The respective steps are carried out by corresponding devices connected into the thermodynamic process. These include an evaporation device 2 for evaporating the fluid, a compression device 3 connected downstream thereof in the fluid flow for compressing the fluid, a condensation device 4 connected downstream thereof in the fluid flow, typically in the form of a compressor, for condensing the fluid, and an expansion device 5 connected downstream thereof in the fluid flow, typically in the form of an expansion valve, for expanding the fluid.
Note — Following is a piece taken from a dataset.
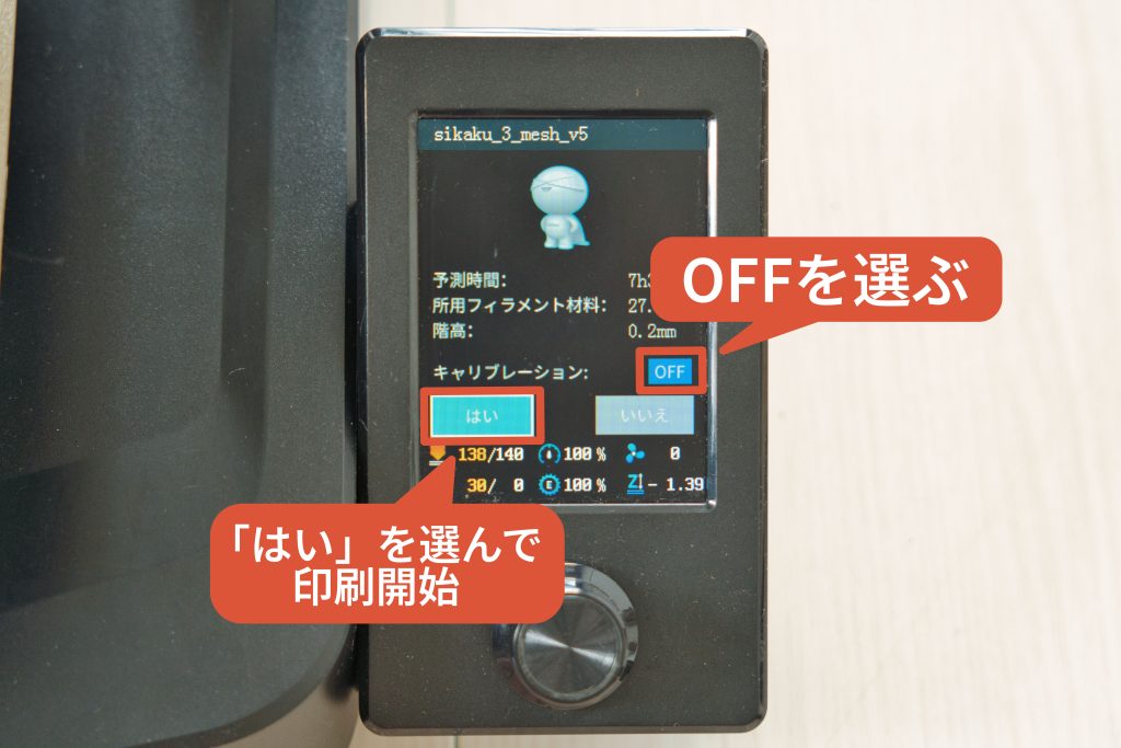 キャリブレーションをオンにしてしまうと、またオートレベリングが始まってしまうので、「OFF」を選んでから、「はい」を押し印刷開始です。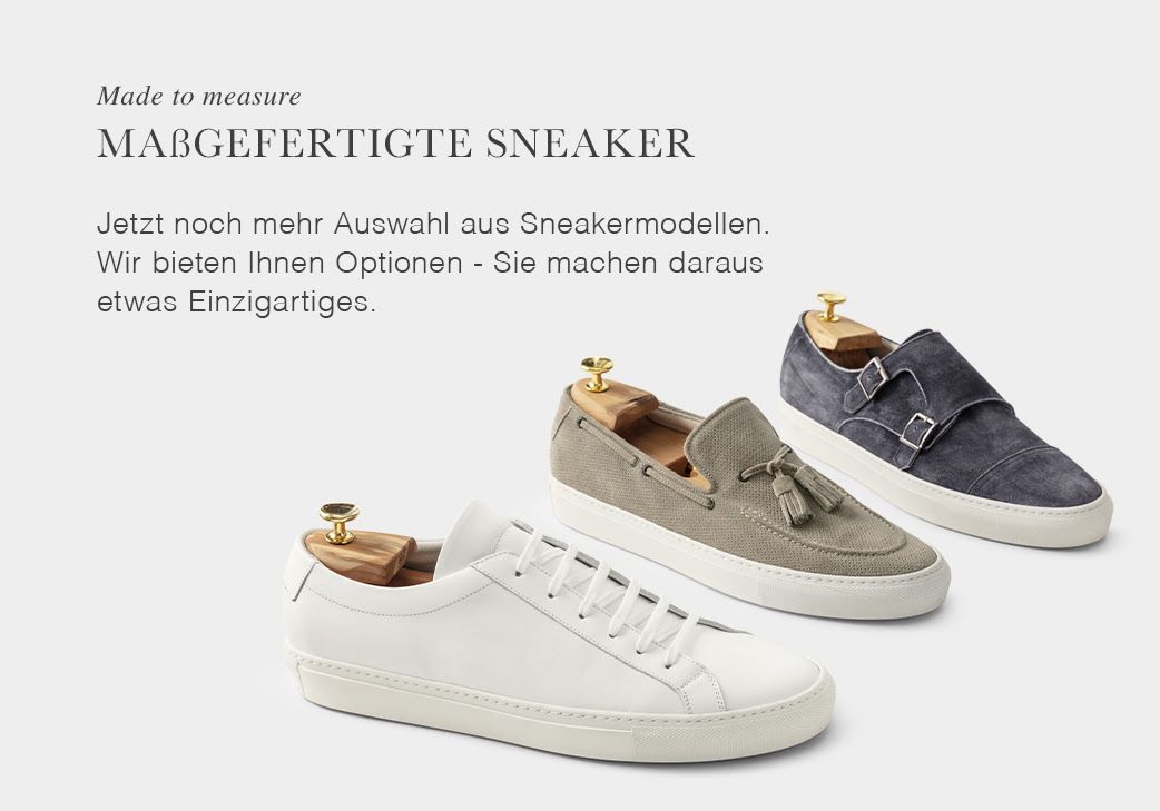 I guess there's no one who doesn't love sneakers. Especially when they are perfectly tailored to your own taste. In our sneaker collection Made in Italy there is everything your heart desires: low tops, slip-ons, loafers, double monks and much more. Design your own personal copy in textured or smooth leather or suede, with or without monogram. Add matching (or contrasting) soles, tongues, back caps and laces. Matching options for the belt are also possible.

As can be seen, the heat exchanger 1 is connected between the evaporation device 2 and the compression device 3. A heat transfer surface, belonging to the high-temperature side of the heat exchanger 1, is accordingly assigned to the fluid flow between the evaporation device 2 and the compression device 3. A heat transfer surface belonging to the low-temperature side of the heat exchanger 1 is assigned to the fluid flow between the condensation device 4 and the expansion device 5.

The fluid is, for example, a fluoroketone known by the brand name Novec™ 649.

The heat exchanger 1 is produced by means of a special production method. The method therefore relates in general to the production of a heat exchanger 1 comprising at least one heat transfer surface, which heat exchanger 1 is to be used in a thermodynamic process in which a fluid that is condensed, expanded, evaporated and compressed in a cycle process is used.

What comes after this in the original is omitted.